Definition of an abstract, combinatorial graph

Question

I have $0$ background in graph theory. I was recently reading an overview/history article of loop quantum gravity here: And in Appendix A, we state that, among other things, a basis state in the Hilbert space for LQG is characterized by a (abstract, combinatorial graph). I am looking for a precise mathematical definition of these terms (tried googling around but couldn't find anything concrete), or if I need a lot of background to understand it, maybe a text recommendation at an introductory level.

Answer 1

I think you may relax, because, as far as I know, by an abstract, combinatorial graph is understood a usual graph. The words abstract and combinatorial belong not to a formal mathematical definition, but remark that we consider a graph as a set of vertices and edges, and we are not tied to its concrete realization, for instance, to a drawing on a plane.

Answer 2

An abstract, combinatorial graph may just be a usual graph as Alex noted.

Still, in some contexts, the notion of abstract graph has a precise definition. Just as with other structures (groups, monoids, vector spaces...) what is interesting with graphs has to do with the associated notion of morphism.

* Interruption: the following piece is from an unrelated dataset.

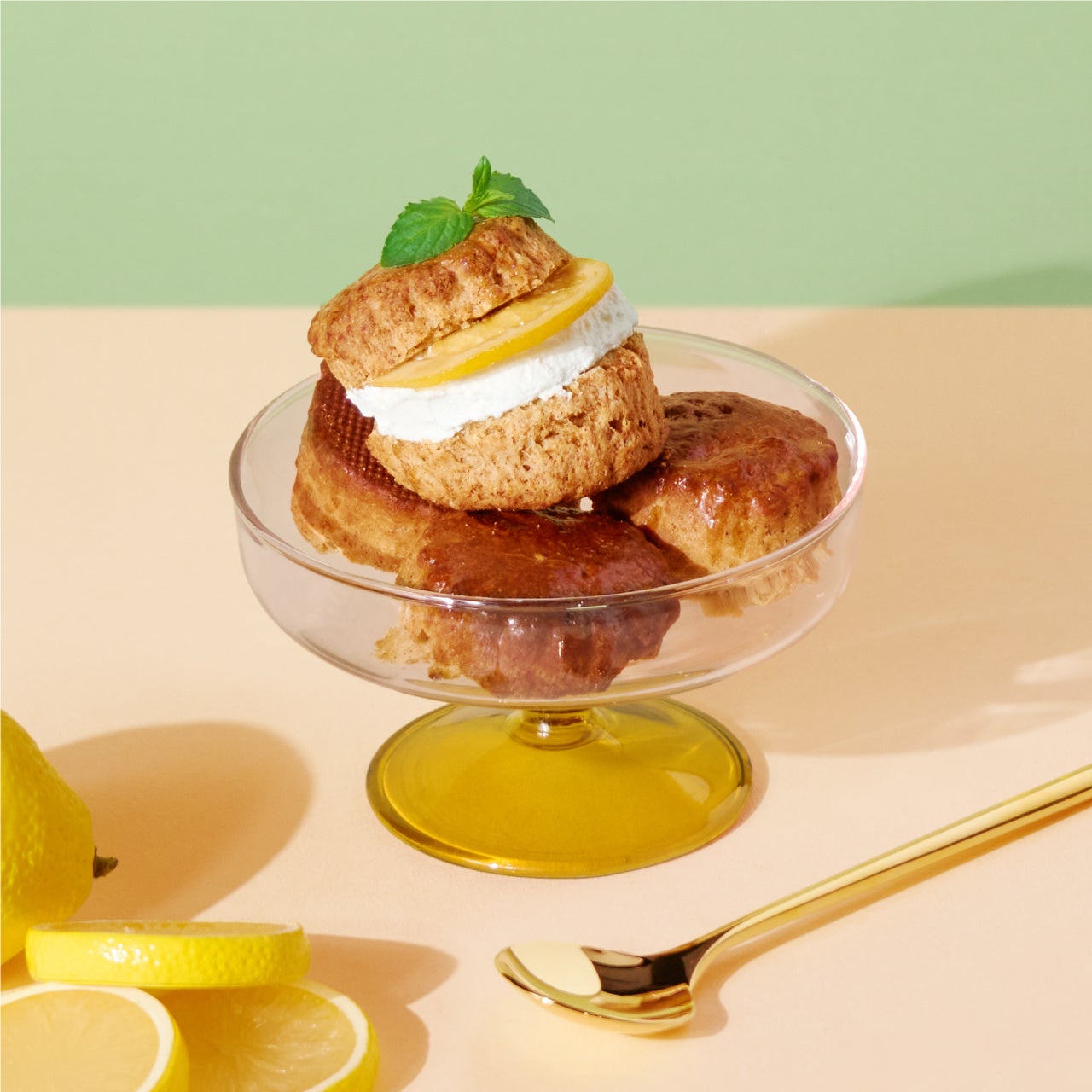 紅茶の風味が感じられるスコーンに、ヨーグルトクリームと砂糖漬けのレモンをサンドしました。コーヒーや紅茶のお供に嬉しい一品です。

Then, a concrete graph is just a normal graph and an abstract graph is a usual graph up-to isomorphism, usually defined as the equivalence class of a concrete graph.

The distinction is not always made. It is important in algebraic treatment of graphs (see the beginning of the second chapter of "Graph structure and monadic second-order logic: a language-theoretic approach" by Courcelle and Engelfriet for example).

I do believe that at some point abstract replaced combinatorial. For example the article "characterization and recognition of partial 3-trees" by Arnborg and Proskurowski. They use "combinatorial graphs" without definition, but in proofs they use the fact that their graphs are defined up-to isomorphism.